Moor Mother & billy woods Release Surprise Collaborative Album BRASS

Moor Mother & billy woods Release Surprise Collaborative Album BRASS

Moor Mother is Camae Ayewa, a Philadelphia-based artist whose work veers from noise to jazz to rap to experimental music without ever losing the furious strength of her voice. Thus far in 2020, Ayewa has released two collaborative albums, Who Sent You? with Irreversible Entanglements and True Opera with Mental Jewelry. Meanwhile, billy woods is a great New York rap expressionist who releases dark, incisive, powerful music, both on his own and as one half of the duo Armand Hammer. Today, with no prior warning, Moor Mother and billy woods come together to release a new collaborative album called BRASS.

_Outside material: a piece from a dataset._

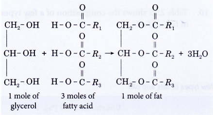 - A molecule of glycerol may combine with one, two or three fatty acids to form a monoester, diester or triester. A molecule of water is eliminated when a fatty acid joins to the glycerol molecule and the resulting bond formed is called an ester link (-COO-).

This album isn’t the first time that Moor Mother and billy woods have met on record. In June, Moor Mother rapped on “Ramses II,” a staggering track from Armand Hammer’s album Shrines that also featured Earl Sweatshirt and Fielded. In July, Ayewa and woods released “Furies,” a collaborative track made for the Adult Swim Singles Series. BRASS takes “Furies” as its literal starting point; “Furies” is the first song on the album. From there, woods and Moor Mother explore a dark, broken landscape together, finding abstract ways to damn a hostile world.

BRASS is a dark and powerful avant-rap record with a whole lot of bleak feelings at its center. But it’s also a work of community. The LP features contributions from people like Mach-Hommy, Navy Blue, John Forte, Fielded, Algiers’ Franklin James Fisher, and billy woods’ Armand Hammer partner Elucid. It’s also got production from people like the Alchemist, Preservation, Navy Blue, Willie Green, Steel Tipped Dove, and Moor Mother herself. It’s some heavy shit — the kind of album that demands serious close listening.

Right now, BRASS isn’t available from any streaming services. Instead, you can only buy it directly from the Backwoodz Studioz label. It’s available in a bunch of different physical bundles, but you can also get the digital download for a perfectly reasonable $15 here. It’s worth it.